* **Task requirements**
Retype the listing exactly, minus its pictures.

* **Source data**
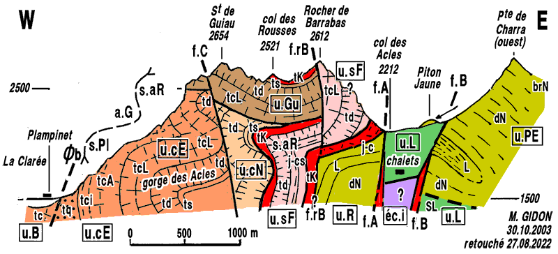 En fait cette unité est en majeure partie juxtaposée contre celle du col de l'Échelle par la faille du ravin des Casses, d'orientation N-S, qui passe peu à l'ouest du sommet de Guiau. Dotée d'un fort pendage vers l'est elle sectionne les plis de l'unité de l'Échelle. Son rejet est en fait difficile à préciser : il est tel que ni le biseau l'unité de la Côte Névachaise ni les témoins de l'unité du Rouas ne réapparaîsent sur ce versant (où il devrait pourtant ressortir, après passage en tunnel sous l'unité de Guiau), ce qu'un simple abaissement de sa lèvre orientale ne semble pas suffire à expliquer. |
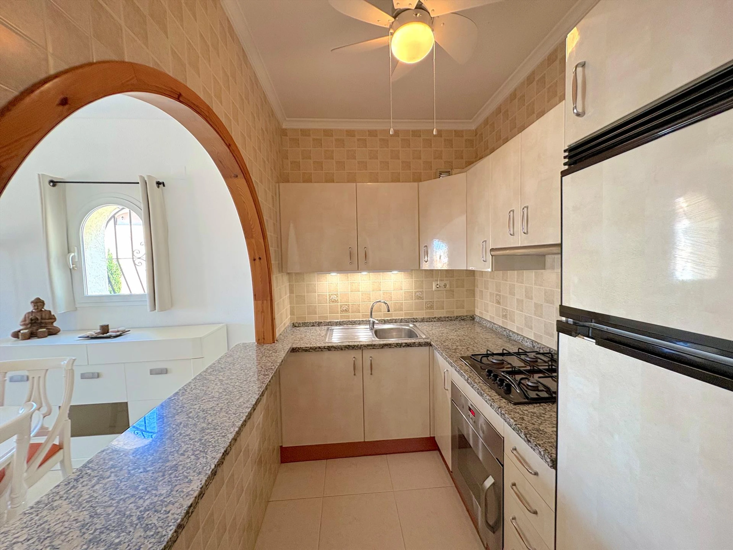 * cocina abierta con placa de gas, horno eléctrico, microondas,
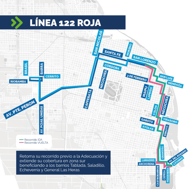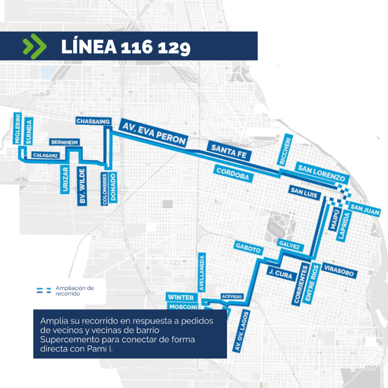Las líneas 116-129 extenderán su recorrido en respuesta a pedidos de vecinos y vecinas de barrio Supercemento para conectar de forma directa con Pami I. Por otro lado, se eliminará la fusión de las líneas 122 Roja y 127, “con el objetivo de mejorar la conectividad, retomando parte de su recorrido habitual previo a la implementación de la Adecuación”.
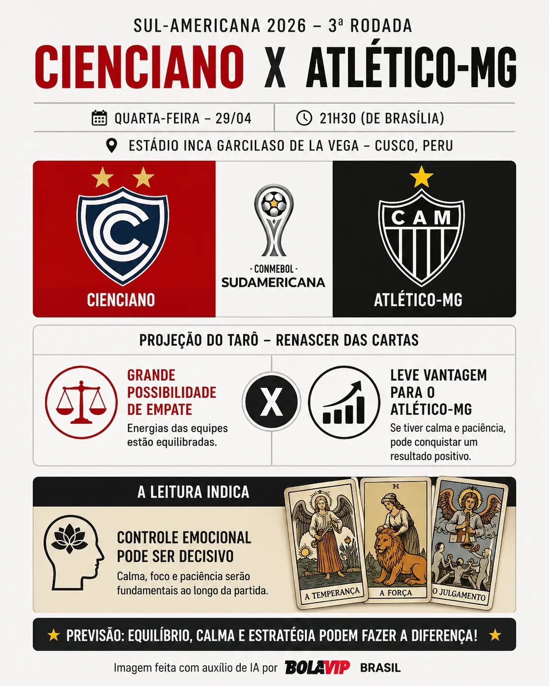 Por outro lado, no tarô, o vidente apontou uma leve vantagem para o Atlético Mineiro. Ele afirmou que, se a equipe tiver calma e paciência, pode conseguir um resultado positivo. A leitura indica que o controle emocional pode ser decisivo ao longo da partida.
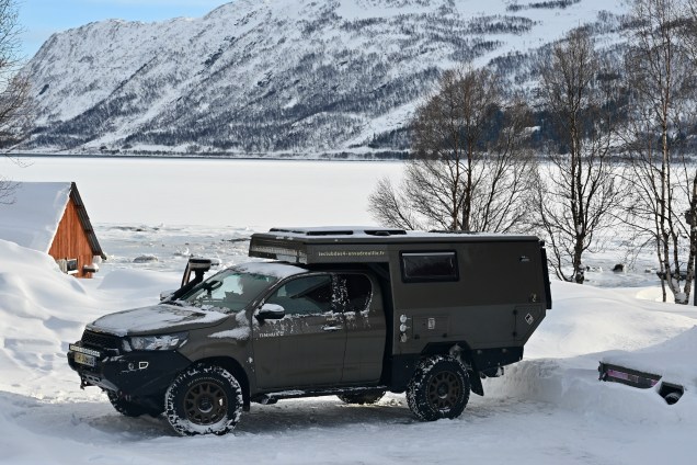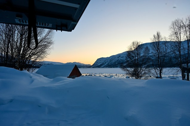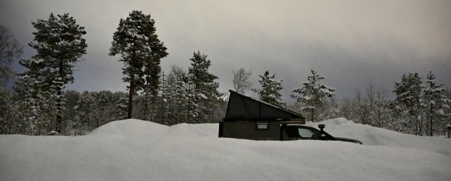 Un petit coup de froid avec un -18 cette nuit. Ce ne sera pas de même avec les Lofoten qui bénéficient d’un micro climat exceptionnel comme nous le verrons demain ! En attendant ce matin il a fallu un peu de temps pour dégager la glace et pouvoir fermer le toit ! Un peu de temps aussi sur la route avec beaucoup de neige et donc un conduite assez stressante . Ce soir notre cocon est dans la neige , on adore ! 🥰
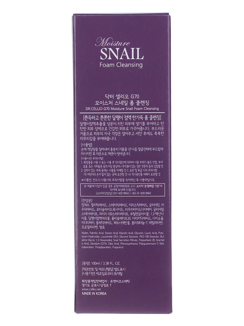ДРСЛ FOAM Пенка для лица с муцином улитки Dr.CELLIO G70 MOISTURE SNAIL FOAM CLEANSING
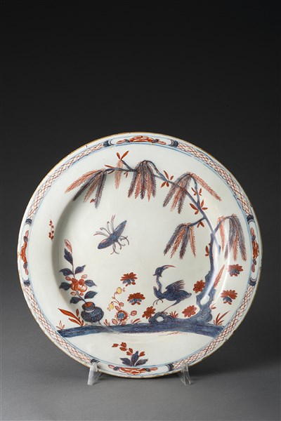 Piatto tondo in maiolica a bordo liscio con decorazione in blu e rosso ferro "allo struzzo". Milano, secolo XVIII (d. cm 22,5)
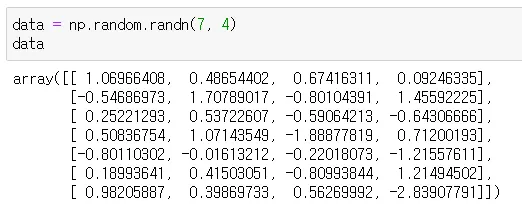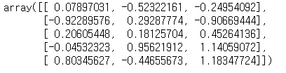 np.random.randn(5,3) → random sampling을 한 원소를 가지는 5x3행렬을 만든다

* **Your response**
 En fait cette unité est en majeure partie juxtaposée contre celle du col de l'Échelle par la faille du ravin des Casses, d'orientation N-S, qui passe peu à l'ouest du sommet de Guiau. Dotée d'un fort pendage vers l'est elle sectionne les plis de l'unité de l'Échelle. Son rejet est en fait difficile à préciser : il est tel que ni le biseau l'unité de la Côte Névachaise ni les témoins de l'unité du Rouas ne réapparaîsent sur ce versant (où il devrait pourtant ressortir, après passage en tunnel sous l'unité de Guiau), ce qu'un simple abaissement de sa lèvre orientale ne semble pas suffire à expliquer. |
 * cocina abierta con placa de gas, horno eléctrico, microondas,
Las líneas 116-129 extenderán su recorrido en respuesta a pedidos de vecinos y vecinas de barrio Supercemento para conectar de forma directa con Pami I. Por otro lado, se eliminará la fusión de las líneas 122 Roja y 127, “con el objetivo de mejorar la conectividad, retomando parte de su recorrido habitual previo a la implementación de la Adecuación”.
 Por outro lado, no tarô, o vidente apontou uma leve vantagem para o Atlético Mineiro. Ele afirmou que, se a equipe tiver calma e paciência, pode conseguir um resultado positivo. A leitura indica que o controle emocional pode ser decisivo ao longo da partida.
 Un petit coup de froid avec un -18 cette nuit. Ce ne sera pas de même avec les Lofoten qui bénéficient d’un micro climat exceptionnel comme nous le verrons demain ! En attendant ce matin il a fallu un peu de temps pour dégager la glace et pouvoir fermer le toit ! Un peu de temps aussi sur la route avec beaucoup de neige et donc un conduite assez stressante . Ce soir notre cocon est dans la neige , on adore ! 🥰
ДРСЛ FOAM Пенка для лица с муцином улитки Dr.CELLIO G70 MOISTURE SNAIL FOAM CLEANSING
 Piatto tondo in maiolica a bordo liscio con decorazione in blu e rosso ferro "allo struzzo". Milano, secolo XVIII (d. cm 22,5)
 np.random.randn(5,3) → random sampling을 한 원소를 가지는 5x3행렬을 만든다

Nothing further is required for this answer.